Хрущев пожал плечами:
— Я же тебе говорю — идеологическая диверсия. Я тут диктовал кое-что на магнитофон для памяти. Потом хватился, а некоторых пленок-то и нет! Кто-нибудь залез с улицы и увел. Враги, что ты тут скажешь.
Гость бросил пристальный взгляд на высокий каменный забор, окружавший дачу, однако возражать не стал, а просто уточнил:
— Стало быть, диктовал все-таки ты, верно?
— Я, — легко согласился Хрущев. — Пока еще память есть, хотел внукам своим оставить воспоминания. Это ведь не запрещено, товарищ Суслов? А, Михаил Андреич?
— Не запрещено, — со вздохом проскрипел Суслов. — Да только вот память тебя, Никита Сергеич, подводит иногда. — Он раскрыл книжку и заглянул в сиреневую бумажку. — Ты вот, допустим, написал…
— Рассказал, — немедленно поправил гостя Хрущев. — Рассказал на магнитофон. К выходу книжки я ведь отношения не имею?
— Пусть так, рассказал, — с непонятной покладистостью продолжил Суслов. — У тебя вышло, будто врага народа Берию расстреляли сразу же в день ареста.
— А как же иначе? — поднял брови Хрущев.
— Да вот так же иначе, — ехидно скрипнул гость, — когда перед расстрелом враг народа Берия успел сутки отсидеть на гауптвахте МВО, в особом карцере.
— Не знаю, — развел руками Хрущев. — Ну, может, генералы что напутали. Или, допустим, поторопились. Нам доложили заранее, а приговор привели в исполнение на другой день. Спешка, обычное дело…
Суслов раздвинул тонкие губы в язвительной улыбке.
— У тебя, оказывается, не только с памятью нелады, но и со зрением, и со слухом, — промолвил он. — Ты ведь лично беседовал с Берией в тот самый день, когда, если верить твоим мемуарам, подлеца уже шлепнули. Или ты с покойником общался? И насчет бомбы атомной тебе рассказывал тоже покойник?
Хрущев отодвинул от себя чашку с недопитым чаем так резко, что ложечка пронзительно задребезжала о стекло.
— Правильно я, значит, Москаленке маршала не дал! — с сердцем сказал он. — Трепло армейское, стукач паршивый, сволочь. Летчик, называется. Тьфу! Обещал ведь…
Суслов радостно захихикал.
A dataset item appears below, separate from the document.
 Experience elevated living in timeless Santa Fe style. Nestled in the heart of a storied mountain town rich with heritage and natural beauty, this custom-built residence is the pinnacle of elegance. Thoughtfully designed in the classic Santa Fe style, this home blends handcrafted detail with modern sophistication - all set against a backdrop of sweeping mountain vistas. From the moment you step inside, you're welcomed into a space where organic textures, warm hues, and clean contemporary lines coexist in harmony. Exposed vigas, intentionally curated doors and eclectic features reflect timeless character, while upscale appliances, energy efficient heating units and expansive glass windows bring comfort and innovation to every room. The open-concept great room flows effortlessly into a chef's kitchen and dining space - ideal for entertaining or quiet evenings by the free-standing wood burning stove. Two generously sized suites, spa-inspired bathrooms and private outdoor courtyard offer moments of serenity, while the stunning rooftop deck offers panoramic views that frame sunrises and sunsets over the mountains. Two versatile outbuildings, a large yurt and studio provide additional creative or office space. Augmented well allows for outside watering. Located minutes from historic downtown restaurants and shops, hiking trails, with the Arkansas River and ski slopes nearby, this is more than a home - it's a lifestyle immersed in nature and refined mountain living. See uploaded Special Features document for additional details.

Смех его был еще более неприятен на слух, чем взвизги резиновых галошных подошв о пол или дребезжание ложечки.
— Зря ты генерала сволочишь, — заявил он, отхихикав свое. — На допросах бы Москаленко тебя не продал, не такой он человек. Но вот Юрий наш Владимирович такого друга фронтового ему подсуропил! Ресторан «Арагви», шашлычок, водочка, воспоминания пошли, слово за слово… С кем не бывает, Никита Сергеич, ты уж на Москаленко особого зла не держи.
— Не буду, — согласился Хрущев. — Ладно, говорил я в тот день с Берией. Дальше что?
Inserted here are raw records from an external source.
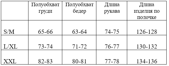 *обратите внимание, что в таблице указаны полуобхваты, значения указаны в сантиметрах, длина изделия по полочке (от основания шеи, через грудь), длина рукава - от основания шеи, через плечо.
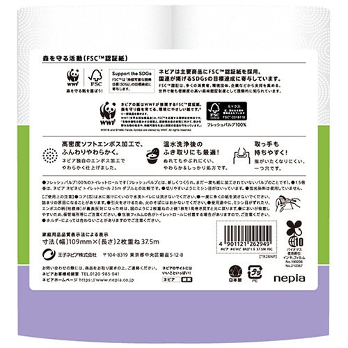 | 商品仕様 | ●タイプ/ダブル ●ロールサイズ/幅109mm×長さ37.5m ●ミシン目/あり ●香り/無香料 ●芯/あり ●重量/1030g ●材質/フレッシュパルプ100% ●パッケージサイズ/W約228×D216×H222mm ●生産国/日本 ●シリーズ名/ネピア |
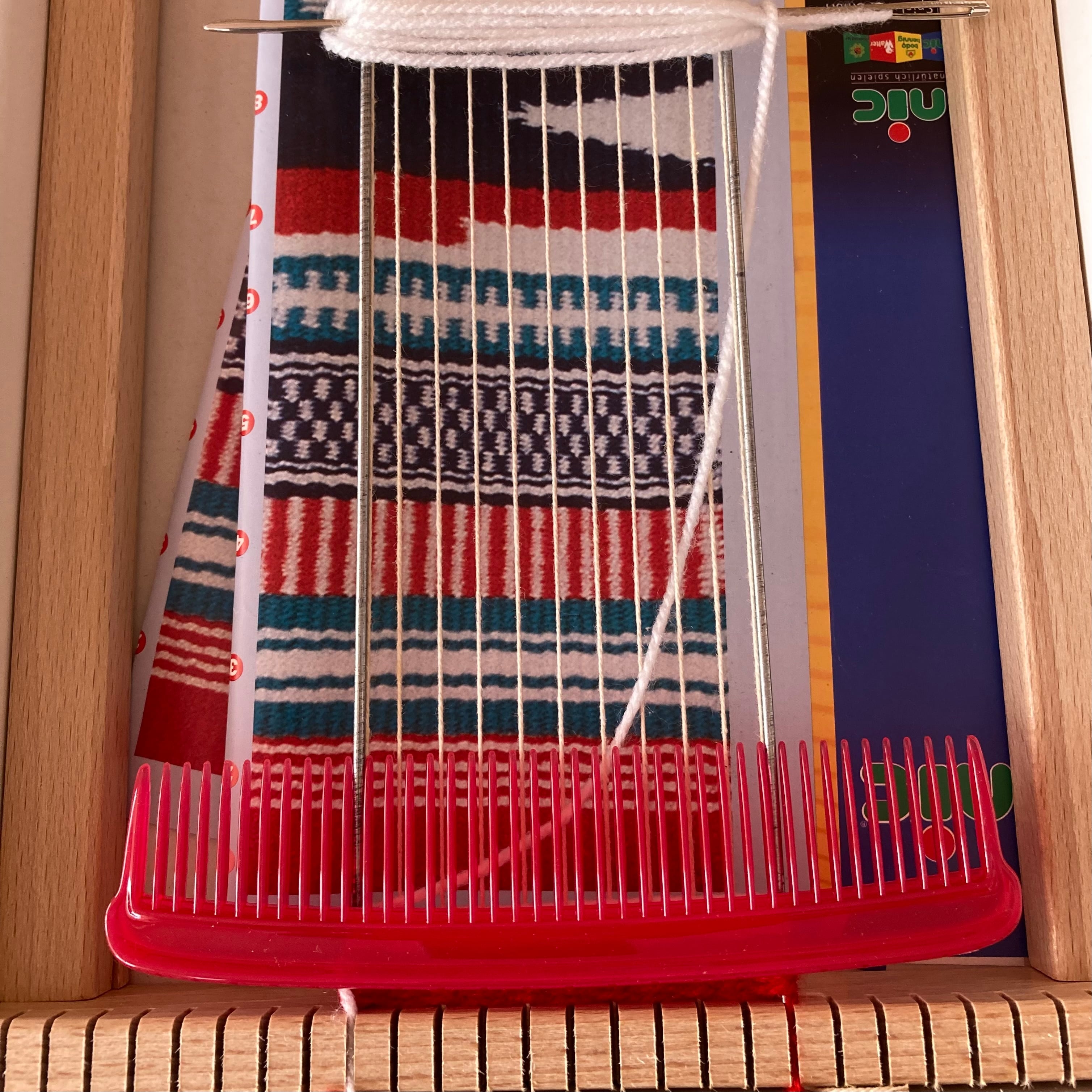 好みの毛糸などを横糸として、右下写真のように通して織っていく道具です。
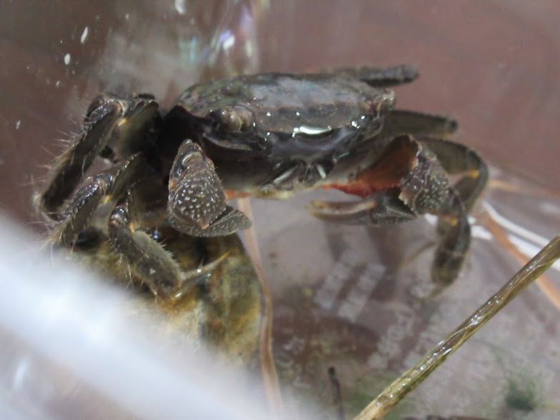 カエルはだいぶ大きくて逃しましたが,カニをゲット。
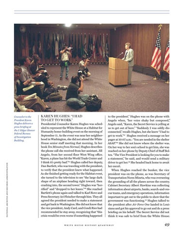 KAREN HUGHES: “I HAD TO GET TO WORK” Presidential Counselor Karen Hughes was scheduled to represent the White House at a Habitat for Humanity home-building event on the morning of September 11. As the event was near her neighborhood in Washington, she did not attend the White House senior staff meeting that morning. In her book Ten Minutes from Normal, Hughes describes the phone call she received from her assistant, Jill Angelo, from her second floor West Wing office. “Karen, a plane has hit the World Trade Center and I think it’s pretty bad.”45 Hughes called her deputy, Dan Bartlett, who was traveling with the president, to verify that the president knew what happened. As she finished getting ready for the Habitat event, she turned to the television to see “the large dark shape of an airplane heading right toward, then crashing into, the second tower.” Hughes was “horrified” and “dropped to her knees.”46 She reached Bartlett’s phone again and talked to Karl Rove and Press Secretary Ari Fleischer through him. They all agreed the president needed to make a statement and get back to Washington. She did not know that the vice president, Andy Card, and Condi Rice had recommended he stay away, recognizing that “this crisis would be even worse if something happened
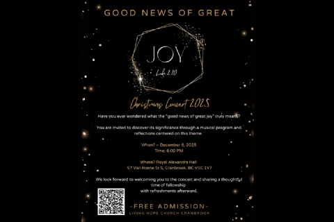 You are invited to an evening of music and reflection at the Christmas Concert – Good News of Great Joy, taking place on December 6, 2025 at 6:00 PM in the historic Royal Alexandra Hall at the Cranbrook History Centre. Presented by Living Hope Church Cranbrook, this heartfelt program explores the meaning and significance of the Christmas message through musical performances and thoughtful reflections. Following the concert, guests are welcome to enjoy refreshments and a time of fellowship. Admission is free, and all donations received will go directly toward helping local people in need.

Суслов проворно убрал книгу в свой портфельчик, но папку оставил.
— Дальше? — повторил он. — Вроде ничего. Скажи мне только, зачем к тебе позавчера физики из Дубны приезжали? Что это им от тебя, пенсионера, понадобилось? Или это тебе что-то от них понадобилось?
Никита Сергеевич прищурился.
— Вот вы чего заволновались, — с интересом проговорил он. — Боитесь, значит, что я отыщу бомбу, которую Иосиф спрятал, а Лаврентий не нашел…
— Мы ничего не боимся, — скрипнул в ответ Суслов. — Но если ты что-то узнал, ты должен нам сказать. Для твоего же собственного блага. Ты вот про дачу и пенсию говорил. Государство наше доброе, пока ты с ним по-хорошему. Если хочешь по-плохому, то ведь и дачу, и машину, и охрану с обслугой, и пенсию твою союзного значения — все запросто могут и отобрать. С врагами у нас не церемонятся, сам знаешь. Будь моя воля, я бы за одни мемуары тебе полпенсии вжжжик! — и срезал.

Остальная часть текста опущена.